I know someone who escaped from East Germany in the 1960s. - This is someone that I know personally, not some vague anecdotal reference. - She and her family were granted permission from the government to visit relatives in West Germany for a weekend. They were not permitted to take anything of value with them, no money, jewelry, family heirlooms, not even photographs. If they had tried to carry valuables out of East Germany, they authorities would have suspected that they were planning to defect. They were only permitted to carry out clothing and essentials for a weekend stay.
Further, they could not say goodbye to friends, neighbors, or associates. They had to pretend that they would be returning in a few days. If they had given any hint that they might not return, their neighbors would have picked up on it and informed the authorities, in which case their permission to travel would have been revoked.
This is what life was like behind the Iron Curtain. People were encouraged to spy on one another. If you suspected that one of your neighbors was going to sneak off to the freedom of the West, it was your duty to inform the police.
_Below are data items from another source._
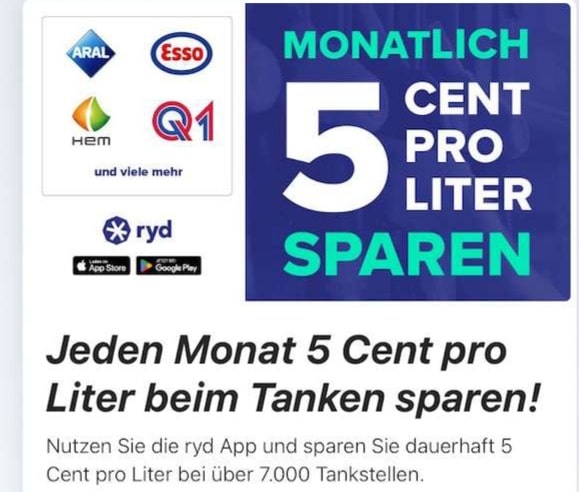2 Cent pro Liter beim Tanken sparen über die ryd App (bis 40 Liter)
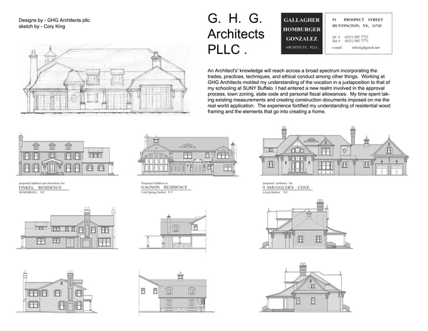 GHG Architects is where I gained my first real world exposure to the practice and insight into how a small firm operates. I enjoyed the people and accrued an indispensable knowledge about the discipline. Working for this well established residential firm had fortified my understanding of residential wood framing and the elements that go into creating a home. When the time came I would decide to go in a different direction but would always carry this knowledge with me.
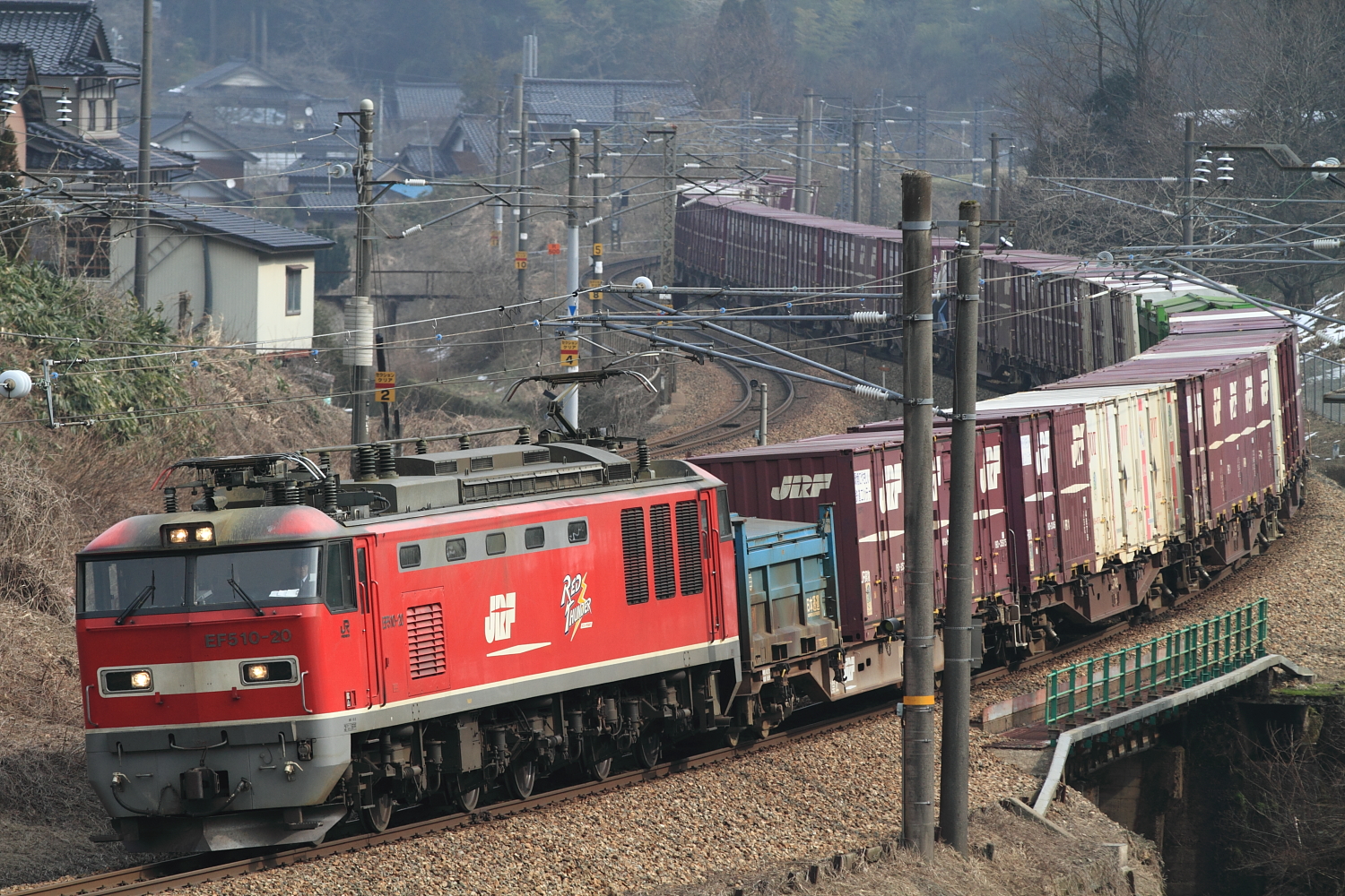 【北陸本線】475系A19とEF510 502【EF510】 H26.2.25朝、青いEF510ムドを見る鉄から始まり、空振りやミスだらけの1日でした。いろいろあって、下りA19をピン甘。貨物も… 475系A19編成もだいぶボロボロに見えてきました。最近塗りなおしたA13とは違って、「長年走っている感」が漂ってきました。 4076レEF510 20+コキ 1083レEF510 502+コキついに北陸を走る、青EF510を撮影。長さを見誤って、残念な記録となりましたが…これからどんどん運用がどんどん増えることでしょう。EF81の貨物をもっと記録せねば! [0回]

If you knew and took no action, you, too, would get into trouble.
Keep this context in mind as read the following paragraph. Think about the horror of living in a place where neighbors are encouraged to spy on one another, where any hint of noncompliance with draconian government policies would put you into legal jeopardy.
This past week, a popular host of a Fox opinion program encouraged his viewers to confront anyone they saw wearing a mask. He suggested that they walk up to the person with the mask and demand that they remove it. The host suggested that this was necessary in order to “reclaiming the life we once knew.”
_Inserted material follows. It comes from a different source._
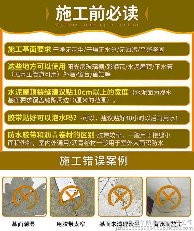 本产品采用进口橡胶配合先进工艺生产而成,具有优良的粘附力和密封性能。是一种绿色环保、无毒无味的自粘型防水材料。具有耐高温和耐低温性能,高温110度不流淌,低温40度不开裂。’抗拉强度高、弹性、延伸性能好,可避免其他材料因外界的变形而开裂。使用范围广泛,哪里需要**贴哪里,对任何物体表面都有粘贴性。只要保持结面的干燥,清洁即可,对水泥,金属,木材,卷材,塑料等都有非常有益的粘贴性。不用借助任何工具,直接粘贴即可!
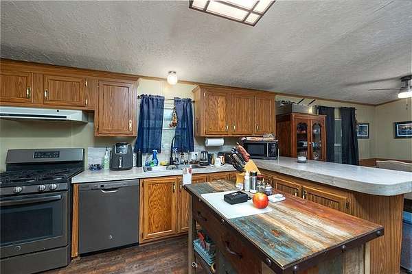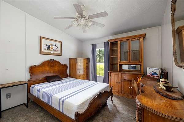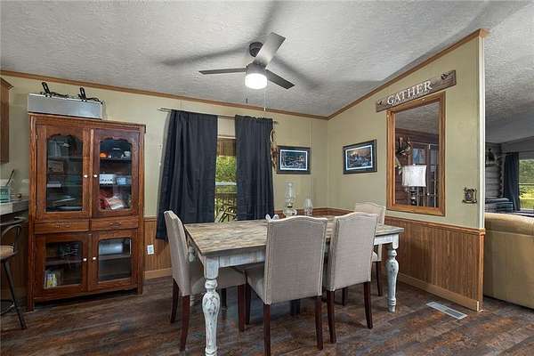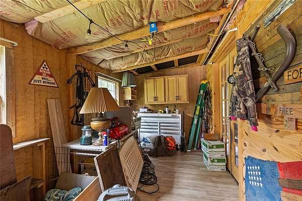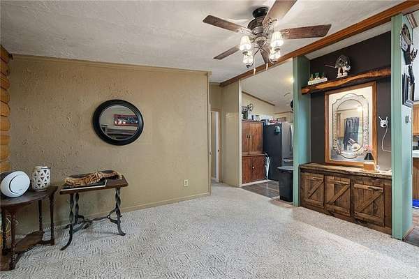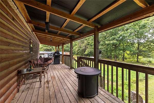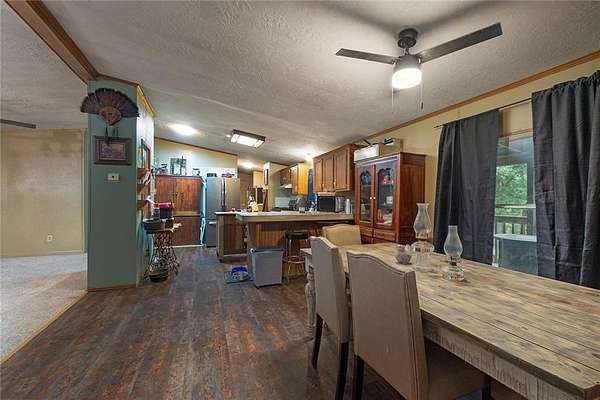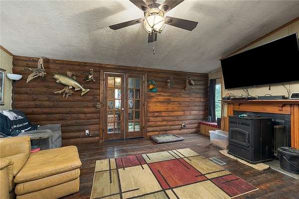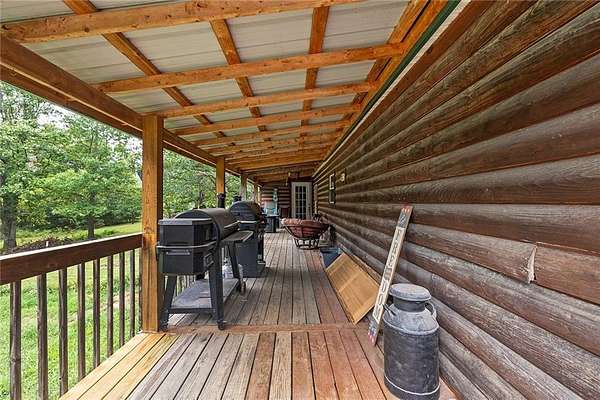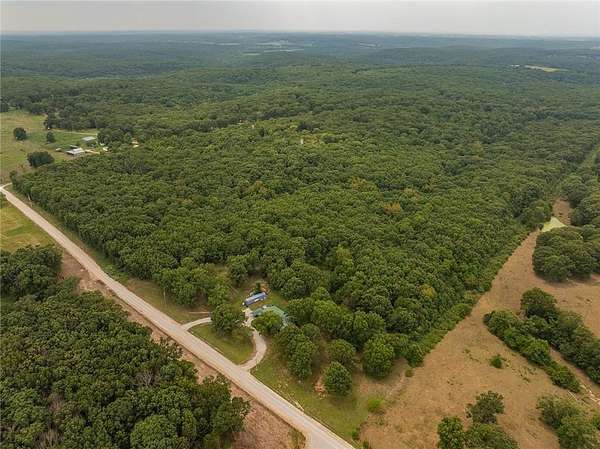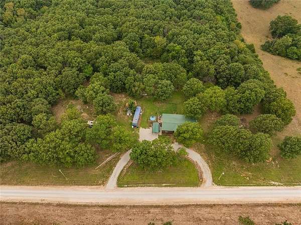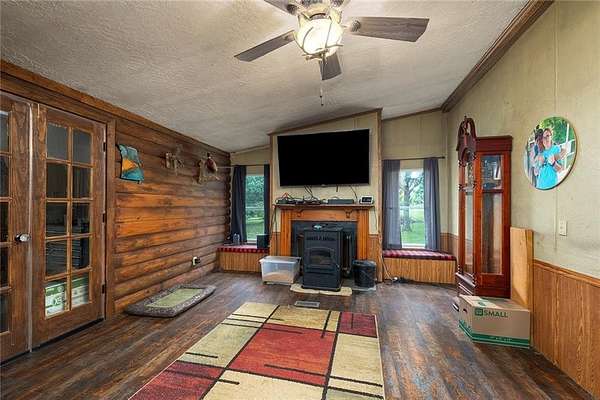 Welcome to your own private retreat on 20 beautiful acres! This log-sided manufactured home is nestled among rolling hills and mature timber. The land is mostly wooded, with a seasonal creek that runs at the bottom of the first hill - flowing during heavy rains. The property is partially fenced with barb wire along the sides and back. Step inside to find 3 spacious bedrooms and 2 full bathrooms. A formal living room greets you at the front of the home, leading into an open-concept kitchen and cozy family room. Home has newer vinyl plank tile. The pellet stove adds warmth and charm while helping reduce propane costs during the colder months. There is a central all-in-one electric heating and cooling system as well.. The home also features a durable metal roof for long-term peace of mind. Enjoy the outdoors from the large back deck, part of which is enclosed and currently used as a small workshop. Additional features include a 30-amp RV hookup, a second septic system near the campsite area, and a blue connex container with its own 200-amp electrical service-perfect for storage or future expansion. Whether you're looking for a full-time residence, weekend getaway, or hunting basecamp, this property has endless potential. This property qualifies for free deer tags every year.

The host wasn’t finished. He made an even more dangerous suggestion about children. He claimed that having children wear a mask was “child abuse” - his exact words - and suggested that if you see children wearing masks in public, it was your duty to “call the police or child services” in order to report the parents, “and keep calling until someone shows up.”
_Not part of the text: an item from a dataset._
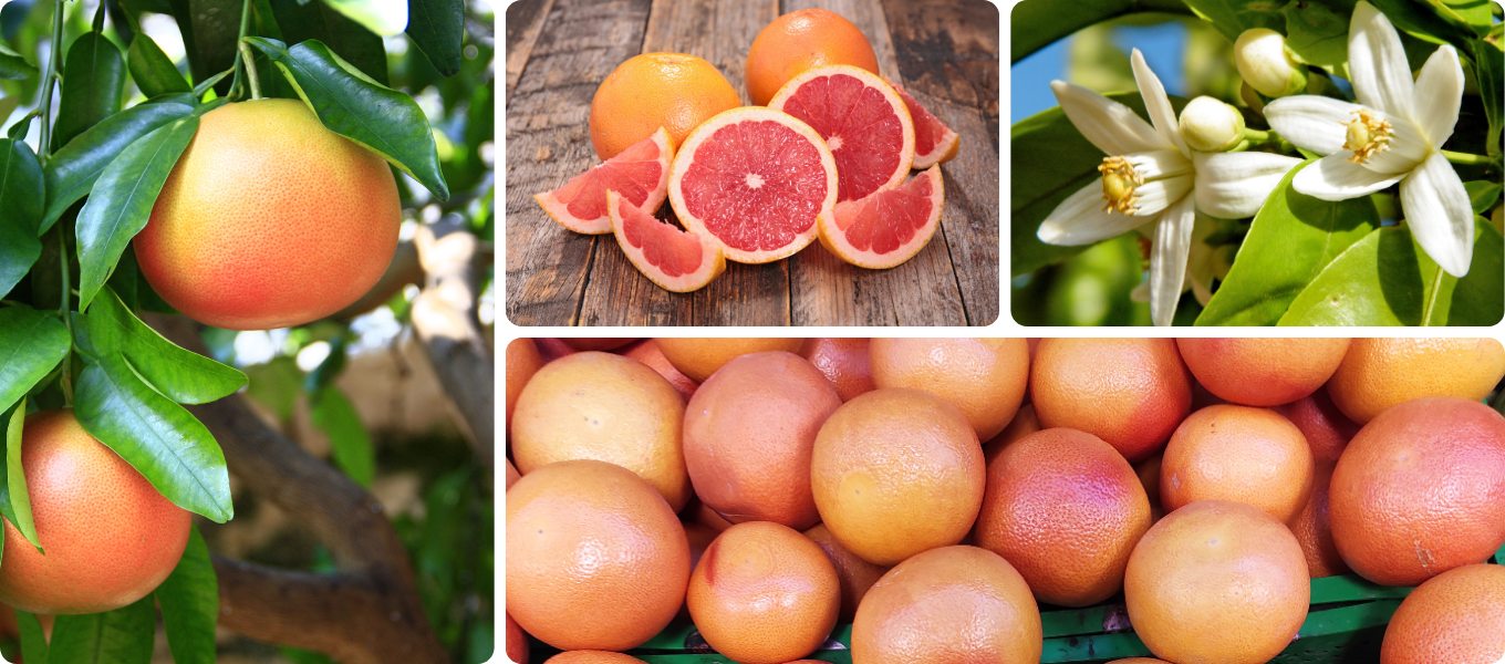 Im Frühjahr erscheinen große, weiß duftende Blüten, die schon bald Fruchtansätze bilden. Über den Sommer entwickeln sich daraus runde, goldgelb bis rötlich schimmernde Früchte mit leuchtend rosafarbenem Fruchtfleisch. Der Geschmack ist etwas süßer und weniger bitter als bei gelben Sorten – mit einer erfrischenden Balance aus Frucht und Säure.
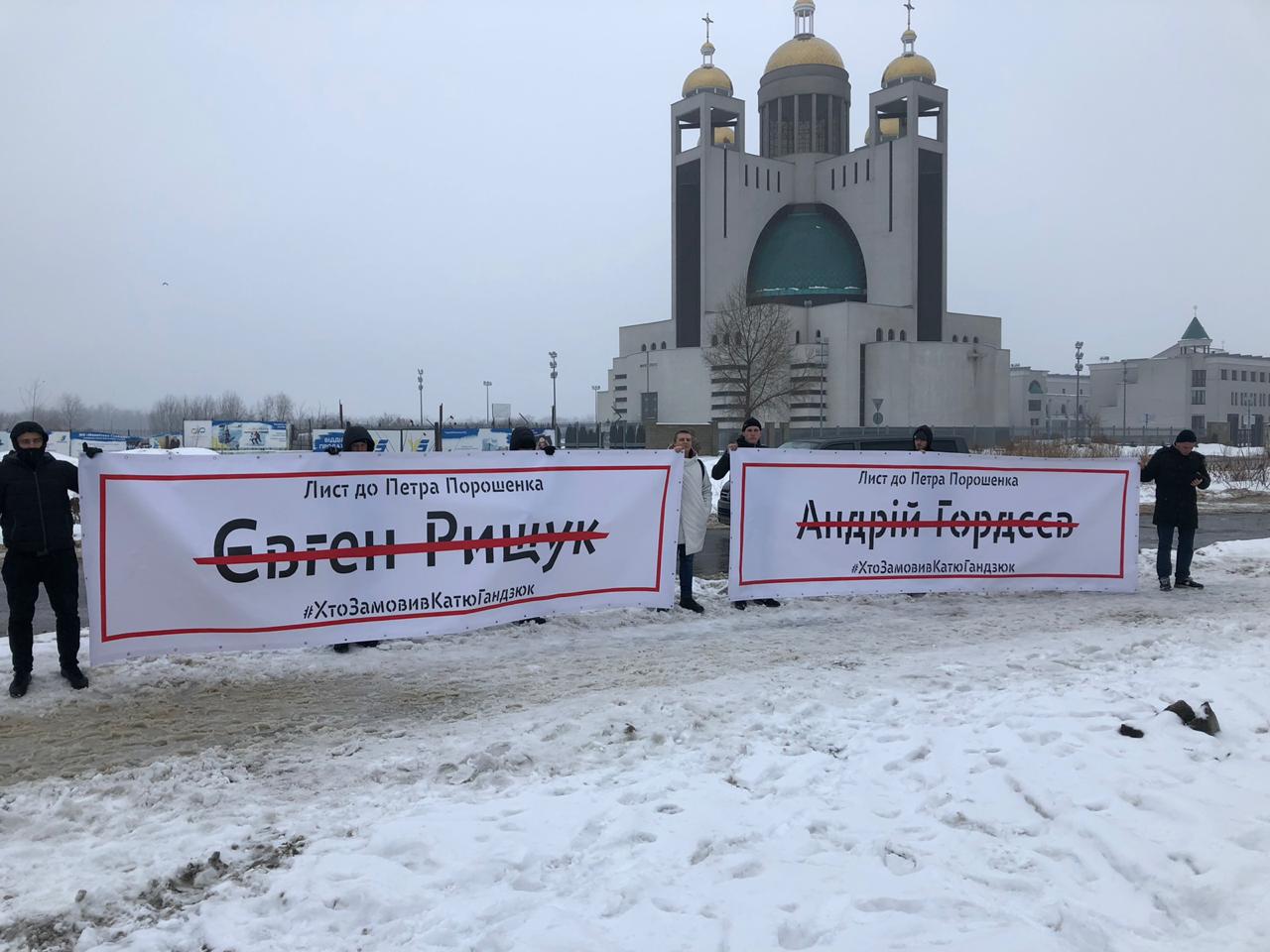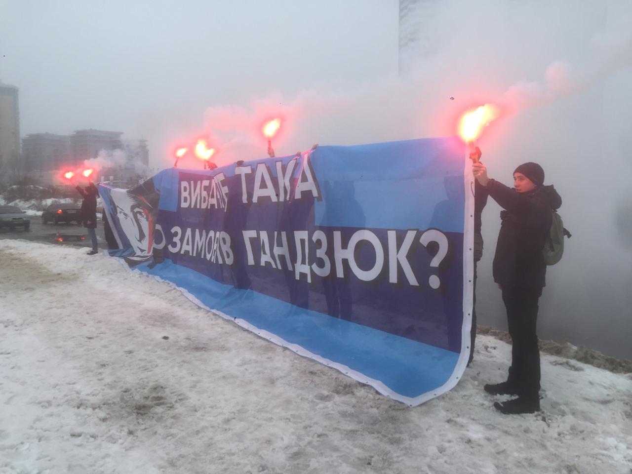 13:10  Рядом с Международным выставочным центром, где скоро появится президент, зажгли файеры и развернули плакаты "Кто заказал Катю Гандзюк?".

Authoritarian communist control of East Germany ended three decades ago, but I’m sure that some of the administrators of that regime are still alive. Imagine their delight at watching a prominent political opinion personality in the United States suggest that Americans spy on one another, Iron Curtain style, and “call the authorities” on their neighbors. Because that’s what authoritarians do. It’s not what people do in a free and democratic society.